At mid-year, the White House ordered the firing of Gerald
Walpin as Inspector General of the Corporation for National and
Community Service after Walpin discovered a key Obama supporter
misused federal grant money. Sacramento Mayor Kevin Johnson
squandered $850,000 in grant funds to inflate staff salaries and
pay for personal services instead of the intended purpose of
tutoring impoverished schoolchildren. Walpin's firing was in
direct violation of a federal statute barring the removal of an
IG without first filing a 30-day notice with Congress.
When the Tea Party movement was at its height, the White
House publicized an email address, encouraging supporters to
turn-in neighbors who opposed the Obama Administration's
socialized medicine proposals. In a similar vein, the White House
began collecting and archiving comments from social-networking
sites without disclosing these practices to the public.
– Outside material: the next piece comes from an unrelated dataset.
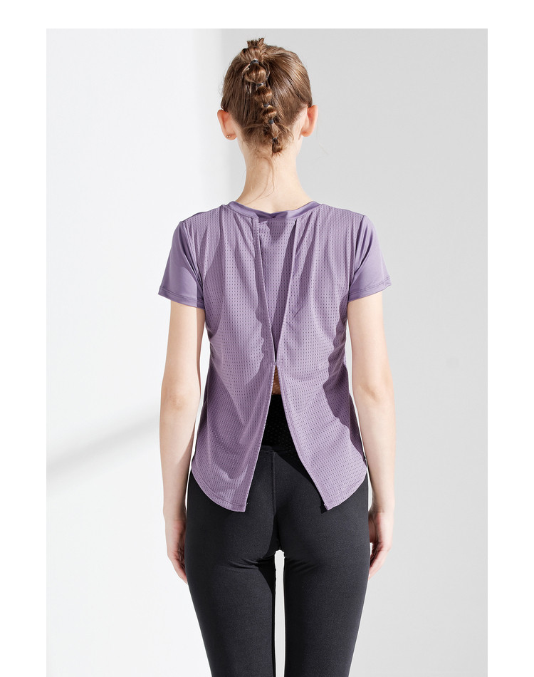 艾米恋 Спортивная летняя футболка с круглым воротником для спортзала, эластичная быстросохнущая дышащая тонкая одежда для йоги, короткий рукав, по фигуре
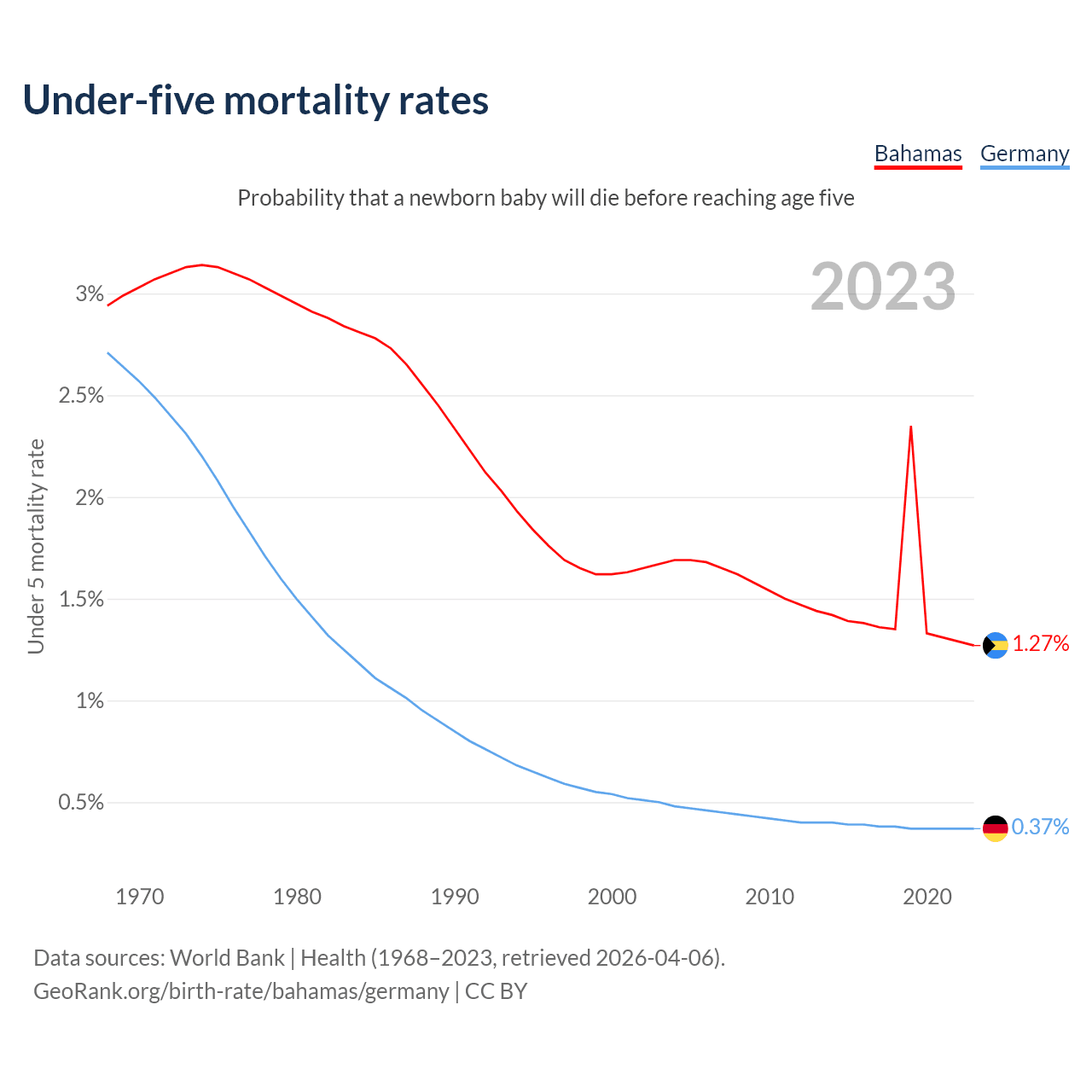 The chance that a newborn baby will die before reaching age five is 1.27% in the Bahamas and 0.37% in Germany. Above is a chart with historical data on under-five mortality rates.

The Department of Health and Human Services threatened
health insurance companies against communicating with their
customers over proposed legislative measures implying the agency
would punish offenders when it came to Medicare
reimbursement.
Color of Change, a deeply partisan group founded by Obama
political appointee Van Jones, launched a boycott effort against
Fox News personality Glenn Beck. The talk show hosted outed Jones
for his crackpot theory that George Bush was complicit in the
September 11th terrorist attacks.
In recent weeks, the White House escalated its assault
against Fox News, urging other news organizations to sever ties
with the news channel. White House Chief of Staff Rahm Emanuel,
Communications Director Anita Dunn and Axelrod attacked FNC for
-- among other things -- fact-checking false statements made by
Veterans Affair assistant secretary Tammy Duckworth. In
comparison, the Obama Administration was silent when CNN's Wolf
Blitzer hosted a newscast that fact-checked a Saturday Night
Live comedy sketch that lampooned Obama.
The Obama Administration has media accomplices when it
holds free speech hostage. The New York
Times, the self-anointed Praetorian Guard of
the First Amendment, editorialized against Fox News and for
Obama, omitting troublesome facts and mischaracterizing events.
The paper abandoned the role of media watchdog, and served as
Obama's lap dog. The New York Times'
political support of a controversial leader is reminiscent
of events of 75 years ago. It was Richard Euringer, the library
director in Essen, Germany, who endeared himself to the regime in
the mid-1930s by selecting more than 18,000 works to be burned
for not conforming to the Nazi ideology.